Strona 1 z 2

Czy warto zrezygnować z medycyny ?

: 26 gru 2016, o 13:40
autor: soczka
Mam ogromny dylemat. Dostałem się na medycynę, studiuję już prawie pół roku, ale mi się to wcale nie podoba Jestem rozczarowany, dobija mnie anatomia, nie lubię się tego uczyć, nie chce już mi się uczyć. Co zrobić ? Wy też tak mieliście ? Trochę mi szkoda tego wszystkiego rzucić ale nie wiem jak się zmotywować ?

Re: Czy warto zrezygnować z medycyny ?

: 26 gru 2016, o 14:18
autor: Piotrr
Niechęć i zrezygnowanie będą ci towarzyszyć na każdym roku studiów. Nie jesteś pierwszym i nie ostatnim studentem który ma doły naukowe. A anatomii nie lubi 99.99999% studentów. Zła wiadomość dla ciebie to taka że będą gorsze rzeczy od anatomii. Dobra to taka że prędzej czy później przechodzi ją znakomita większość studentów.

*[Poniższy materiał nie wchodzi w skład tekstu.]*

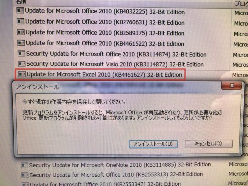 https://support.microsoft.com/ja-jp/help/4461627/january-2-2019-update-for-excel-2010-kb4461627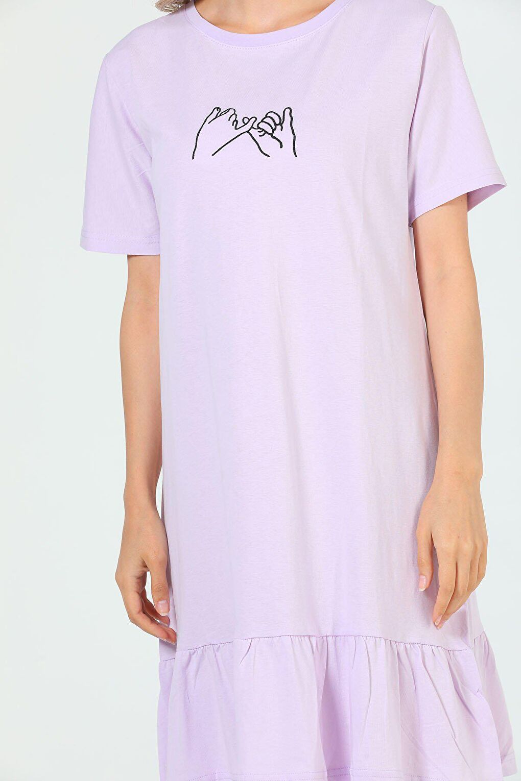 - نام : Kadın Bisiklet Yaka Nakış Detaylı Fırfırlı Elbise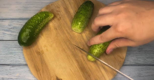 - Snijd voor gedroogde komkommers de uiteinden aan beide kanten af.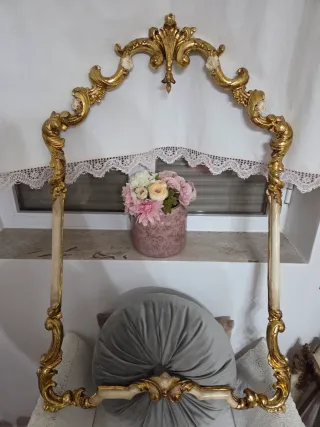 Peça decorativa em formato de cornucópia com acabamento em folha de ouro e detalhes em bege. - Design ornamentado com elementos clássicos. - Estrutura robusta.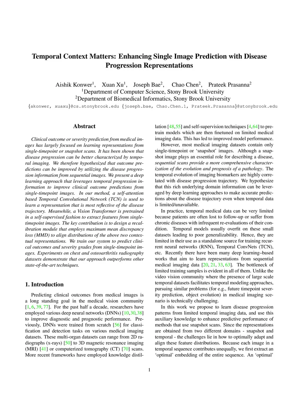 Clinical outcome or severity prediction from medical images has largely focused on learning representations from single-timepoint or snapshot scans. It has been shown that disease progression can be better characterized by temporal imaging. We therefore hypothesized that outcome predictions can be improved by utilizing the disease progression information from sequential images. We present a deep learning approach that leverages temporal progression information to improve clinical outcome predictions from single-timepoint images. In our method, a self-attention based Temporal Convolutional Network (TCN) is used to learn a representation that is most reflective of the disease trajectory. Meanwhile, a Vision Transformer is pretrained in a self-supervised fashion to extract features from single-timepoint images. The key contribution is to design a recalibration module that employs maximum mean discrepancy loss (MMD) to align distributions of the above two contextual representations. We train our system to predict clinical outcomes and severity grades from single-timepoint images. Experiments on chest and osteoarthritis radiography datasets demonstrate that our approach outperforms other state-of-the-art techniques.

Anatomie jak i całą masę innym nieprzyjemnych przedmiotów. Nie ma cudów, pierwsze dwa a nawet trzy lata będę chujowe, ale później jest lepiej. Przede wszystkim dziubac, dziubac i jeszcze raz dziubac aż do skutku i nie poddawać się. Będzie ciężko ale wszystko się kiedyś kończy z to najgorsze też. I nie patrzeć się na innych, bo zawsze znajdzie się ktoś kto zawsze wszystko umie i zabija twoja motywację. Robić spokojnie na miarę swoim możliwość. Pozdrawiam i wesołych świąt


Re: Czy warto zrezygnować z medycyny ?

: 26 gru 2016, o 14:19
autor: Piotrr
Niechęć i zrezygnowanie będą ci towarzyszyć na każdym roku studiów. Nie jesteś pierwszym i nie ostatnim studentem który ma doły naukowe. A anatomii nie lubi 99.99999% studentów. Zła wiadomość dla ciebie to taka że będą gorsze rzeczy od anatomii. Dobra to taka że prędzej czy później przechodzi ją znakomita większość studentów. Anatomie jak i całą masę innym nieprzyjemnych przedmiotów. Nie ma cudów, pierwsze dwa a nawet trzy lata będę chujowe, ale później jest lepiej. Przede wszystkim dziubac, dziubac i jeszcze raz dziubac aż do skutku i nie poddawać się. Będzie ciężko ale wszystko się kiedyś kończy z to najgorsze też. I nie patrzeć się na innych, bo zawsze znajdzie się ktoś kto zawsze wszystko umie i zabija twoja motywację. Robić spokojnie na miarę swoim możliwość. Pozdrawiam i wesołych świąt


Re: Czy warto zrezygnować z medycyny ?

: 26 gru 2016, o 20:56
autor: Mårran
soczka, to normalne, co czujesz. Większość ludzi idzie na medę z poczuciem, że będą robić zajebiste rzeczy, które ich interesują, a potem okazuje się, że trzeba wkuwać tony pierdół na jakieś dupogodziny czy anatomię. Wiadomo, że może okazać się, że to nie Twoja ścieżka i inaczej ułożysz sobie życie, niektórzy tak mają, ale odradzam rezygnować po pierwszym roku, bo tu się jeszcze totalnie nic nie wie o medycynie. Poczekaj na kliniki, zobacz, jak Ci się rozmawia z pacjentami, jak Ci się tego uczy. Wiadomo, że studia a praca to dwa inne światy, ale przynajmniej poznasz, z czym to się je. Jeśli i się nie spodoba dalej - śmiało rezygnuj

Re: Czy warto zrezygnować z medycyny ?

: 26 gru 2016, o 22:15
autor: MrBrightside
Z drugiej strony, jak ci się na trzecim roku na klinikach jednak nie spodoba, to już szkoda będzie rezygnować z poczuciem tylu zmarnowanych lat (i świadomością, że największy syf już się zaliczyło).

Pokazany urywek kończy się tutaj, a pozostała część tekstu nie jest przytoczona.